Fall Welcome is here again. It’s a great way for students to hit the ground running for what is shaping up to be an eventful year.

We work hard to help our new students connect to the Greater East Lansing community with Community Welcome Teams for our 15,000 new and returning campus residents and with Fall Welcome activities including One Book, One Community, everyone’s first reading assignment of the year, and the Fill the Bus donation program.

One milestone we will observe in a variety of ways this year is the sesquicentennial of the Morrill Act. This “land-grant” act revolutionized higher education in this country, extending world-class opportunity to working-class citizens and, in the process, producing citizen-scholars who returned to help lead their communities and yielding research breakthroughs that transformed lives around the world. Founded several years before the passage of the Morrill Act, Michigan State was, in fact, one of the inspirations for it—hence the meaning behind the phrase many of you pass each day as you walk or drive by the limestone and brick signs that mark several campus entrances, proudly proclaiming us the “pioneer” land-grant college.

First, however, we’ll be observing the 10-year anniversary of the events of 9/11. The events include a symposium in the MSU Union featuring a number of guest speakers and scholars to discuss the way we and the world have changed since then. Our One Book, One Community reading selection for this year also focuses on the World Trade Center attacks, a work of fiction called Extremely Loud and Incredibly Close by Jonathan Safran Foer. We will introduce Mr. Foer to the community at a special gathering in East Lansing August 28, and he also will address students at the Welcome Convocation August 29.

It’s been a busy summer for construction on campus, and returnees will note a number of changes to the landscape. For example, the Shaw Lane power plant smokestack was disassembled over the summer as the Wells Hall addition across the street steadily rose. The Broad Art Museum project continues on schedule for opening next spring, and having walked through it not long ago, I am again impressed by the design created by architect Zaha Hadid.

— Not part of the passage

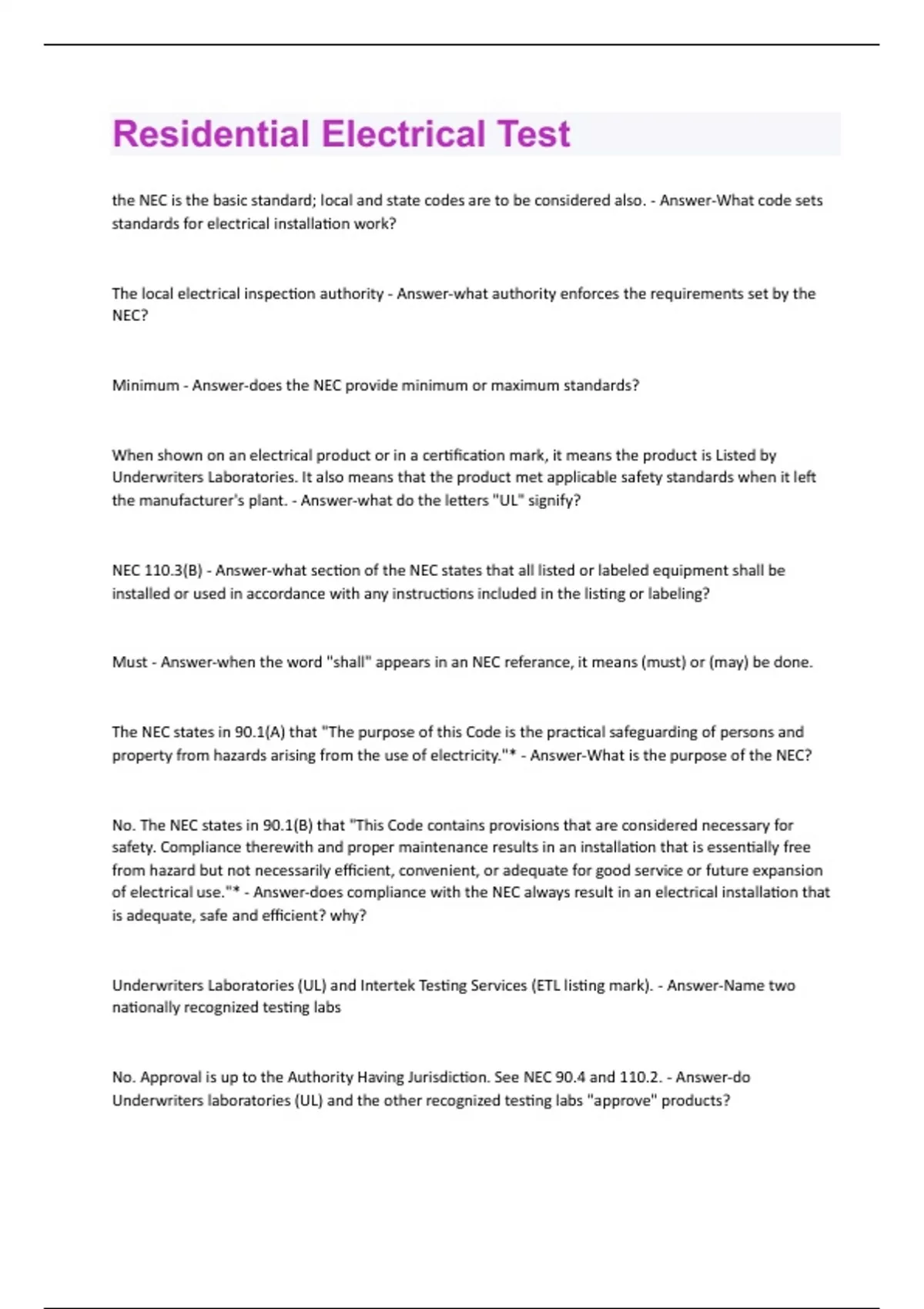 the NEC is the basic standard; local and state codes are to be considered also. - Answer-What code sets standards for electrical installation work? The local electrical inspection authority - Answer-what authority enforces the requirements set by the NEC? Minimum - Answer-does the NEC provide minimum or maximum standards? When shown on an electrical product or in a certification mark, it means the product is Listed by Underwriters Laboratories. It also means that the product met applicable safety standards when it left the manufacturer's plant. - Answer-what do the letters "UL" signify? NEC 110.3(B) - Answer-what section of the NEC states that all listed or labeled equipment shall be installed or used in accordance with any instructions included in the listing or labeling? Must - Answer-when the word "shall" appears in an NEC referance, it means (must) or (may) be done. The NEC states in 90.1(A) that "The purpose of this Code is the practical safeguarding of persons and property from hazards arising from the use of electricity."* - Answer-What is the purpose of the NEC? No. The NEC states in 90.1(B) that "This Code contains provisions that are considered necessary for safety. Compliance therewith and proper maintenance results in an installation that is essentially free from hazard but not necessarily efficient, convenient, or adequate for good service or future expansion of electrical use."* - Answer-does compliance with the NEC always result in an electrical installation that is adequate, safe and efficient? why? Underwriters Laboratories (UL) and Intertek Testing Services (ETL listing mark). - Answer-Name two nationally recognized testing labs No. Approval is up to the Authority Having Jurisdiction. See NEC 90.4 and 110.2. - Answer-do Underwriters laboratories (UL) and the other recognized testing labs "approve" products?They test the products for conformance to applicable safety standards. - Answer-what do the testing laboratories do? Informative Annex J includes information that is intended to assist the users of the Code in properly considering the various electrical design constraints of other building systems and are part of the 2010 ADA Standards for Accessible Design. The Informative Annex is not enforceable. The basic NEC rules still apply. Local communities, counties, states, and/or other govern-mental bodies might have requirements. Check with your local inspection authority. Ask them if there are any requirements or suggestions that you might need to fo - Answer-does the NEC make suggestions about how to wire a house that will be occupied by handicapped persons? OSHA - Answer-What federal organization dictates requirements for work-related safety issues? Turn off the power on the circuit you are working on, tag it, and lock the disconnect in the OFF position. - Answer-what can you do to reduce or eliminate the possibility of receiving an electric shock when working on electrical circuits? The NEC defines a qualified person as "One who has skills and knowledge related to the construction and operation of the electrical equipment and installations and has received safety training to recognize and avoid the hazards involved."* (70E) - Answer-what is the NEC definition of a "qualified person" Not necessarily, usually depending on the voltage. - Answer-are low-voltage systems totally safe? NFPA 70E - Answer-what NFPA standard specifically covers safety in the workplace? Personal Protective Equipment. - Answer-What does PPE stand for? An arc flash is the tremendous explosion that happens when a short circuit or ground fault occurs on an electrical system that is capable of delivering high fault current. - Answer-briefly explain an arc flash Apprenticeship programs, Consumer Product Safety Commission, National Safety Council, Occupational Safety & Health Act, National Fire Protection Association, and the American Heart Association - Answerwhere might you obtain information about on the job safety and safety training?No - Answer-is it a safe practice to use a step ladder in which the spreaders have not been fully locked? You are responsible for your own safety - Answer-If a step ladder collapses whose fault is it?

This year, we will continue to work diligently to pursue our historic three-part mission of education, research, and outreach and to honor our three core values of quality, connectivity, and inclusiveness, which are at the center of what it has always meant to be a land-grant university and what it still means to be a socially responsible, world-grant university today. We’ll be reminded of our origin and our legacy and of the events that shape our work in the 21st century. There is much to do, but we say without equivocation, Spartans Will.